Alibaba, JD.com push Hang Seng to biggest drop in 2 weeks before Fed meeting while developers slide amid more distress
- Tech, developers tumble as traders take money off the table amid concerns about policy tightening risks
- The Fed will hold its first 2022 rate-setting meeting this week; its hawkish stance in recent weeks has erased billions from global tech stocks and cryptocurrencies
Hong Kong stocks fell by the most in two weeks as tech companies slumped further with global peers before a Federal Reserve meeting, while property developers weakened on concerns a slowdown will worsen a cash crunch in the industry.
The Hang Seng Index retreated 1.2 per cent to 24,351.38 at the noon trading break, the lowest level in almost a week. The city’s Tech Index dropped 1.7 per cent for a third day of decline, while China’s Shanghai Composite Index declined 1.1 per cent.
More than 50 of the 64 Hang Seng Index members suffered losses. Alibaba, the owner of this newspaper, declined 1.3 per cent while its health unit slipped 3.9 per cent. JD.com retreated 2.8 per cent, while Meituan and Tencent fell by at least 0.9 per cent.
The Federal Reserve, which holds its first 2022 rate-setting meeting this week, has signalled a hawkish stance in the past month, roiling global markets as investors trimmed bets on US tech stocks and cryptocurrencies.
“The Fed has effectively abandoned its prior guidance by suggesting it’s ready to start raising rates” before achieving its employment mandate, BlackRock strategists said in a note on Tuesday. “By doing so, it may have added to the confusion about the expected path of rates. Markets have quickly shifted their short-term expectations to include earlier and more rate hikes this year.”

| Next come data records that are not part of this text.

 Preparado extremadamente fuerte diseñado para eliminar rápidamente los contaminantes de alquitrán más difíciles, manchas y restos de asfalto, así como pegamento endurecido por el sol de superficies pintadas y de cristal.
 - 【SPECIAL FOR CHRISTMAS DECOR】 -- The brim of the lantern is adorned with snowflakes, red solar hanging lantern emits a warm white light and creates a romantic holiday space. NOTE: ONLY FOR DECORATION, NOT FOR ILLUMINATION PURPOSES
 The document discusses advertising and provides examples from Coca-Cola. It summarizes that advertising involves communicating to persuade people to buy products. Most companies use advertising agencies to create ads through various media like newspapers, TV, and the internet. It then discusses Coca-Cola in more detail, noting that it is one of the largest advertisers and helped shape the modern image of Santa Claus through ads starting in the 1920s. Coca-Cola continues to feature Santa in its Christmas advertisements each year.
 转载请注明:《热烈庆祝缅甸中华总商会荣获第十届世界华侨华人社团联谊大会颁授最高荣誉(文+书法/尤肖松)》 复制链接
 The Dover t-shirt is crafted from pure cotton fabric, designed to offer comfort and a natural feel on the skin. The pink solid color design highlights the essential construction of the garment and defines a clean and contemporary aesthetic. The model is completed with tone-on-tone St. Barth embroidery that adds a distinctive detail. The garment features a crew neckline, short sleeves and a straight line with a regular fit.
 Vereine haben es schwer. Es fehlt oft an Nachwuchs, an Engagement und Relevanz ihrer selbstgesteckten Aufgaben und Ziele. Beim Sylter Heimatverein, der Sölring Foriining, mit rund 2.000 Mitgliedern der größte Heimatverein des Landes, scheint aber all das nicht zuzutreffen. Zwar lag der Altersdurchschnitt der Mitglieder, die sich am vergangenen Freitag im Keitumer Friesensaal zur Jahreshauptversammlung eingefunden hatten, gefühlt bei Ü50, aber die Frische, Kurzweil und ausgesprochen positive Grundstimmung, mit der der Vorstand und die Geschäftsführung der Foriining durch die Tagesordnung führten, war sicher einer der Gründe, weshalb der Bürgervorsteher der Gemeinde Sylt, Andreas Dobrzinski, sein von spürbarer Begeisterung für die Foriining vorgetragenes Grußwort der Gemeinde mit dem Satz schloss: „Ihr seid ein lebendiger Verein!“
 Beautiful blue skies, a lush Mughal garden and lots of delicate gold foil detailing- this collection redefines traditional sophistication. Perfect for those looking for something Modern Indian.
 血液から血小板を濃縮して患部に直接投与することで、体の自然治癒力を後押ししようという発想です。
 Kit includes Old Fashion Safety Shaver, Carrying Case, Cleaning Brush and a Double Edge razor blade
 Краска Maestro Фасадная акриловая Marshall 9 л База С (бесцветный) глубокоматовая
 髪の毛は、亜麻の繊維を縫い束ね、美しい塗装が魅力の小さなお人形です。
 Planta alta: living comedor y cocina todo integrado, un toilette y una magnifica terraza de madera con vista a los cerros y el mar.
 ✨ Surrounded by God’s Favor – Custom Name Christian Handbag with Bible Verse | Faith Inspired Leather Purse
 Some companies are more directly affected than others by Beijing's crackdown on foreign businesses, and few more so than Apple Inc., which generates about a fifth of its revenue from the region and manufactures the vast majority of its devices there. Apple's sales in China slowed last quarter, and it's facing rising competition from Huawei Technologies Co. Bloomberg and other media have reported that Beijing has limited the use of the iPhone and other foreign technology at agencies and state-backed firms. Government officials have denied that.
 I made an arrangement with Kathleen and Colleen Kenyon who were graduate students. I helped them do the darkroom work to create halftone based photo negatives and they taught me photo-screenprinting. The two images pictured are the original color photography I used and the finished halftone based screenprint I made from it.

Major Asia-Pacific markets retreated. Shares in Japan lost 1.9 per cent, while Korean stocks retreated 2.8 per cent. The Australian benchmark index sank 2.8 per cent.
In Hong Kong, Chinese developers tumbled, with an index tracking the industry leaders losing 0.9 per cent in the biggest setback in a week, as Agile Group and Yuzhou Group added to signs of persistent liquidity stress despite recent policy-easing measures.
Agile Group and China Resources Land both slipped by more than 0.7 per cent. Hong Kong peers Henderson Land and Sun Hung Kai Properties also weakened. Evergrande tumbled 3.8 per cent as the home builder sought more time from creditors to implement a workout plan.
Hong Kong also saw an escalating outbreak of the Omicron variant, with daily infections hitting more than 100 cases in the past two days, the highest in 18 months. Experts warned that stringent social-distancing curbs to stem the fifth wave were expected to hammer the economy this quarter.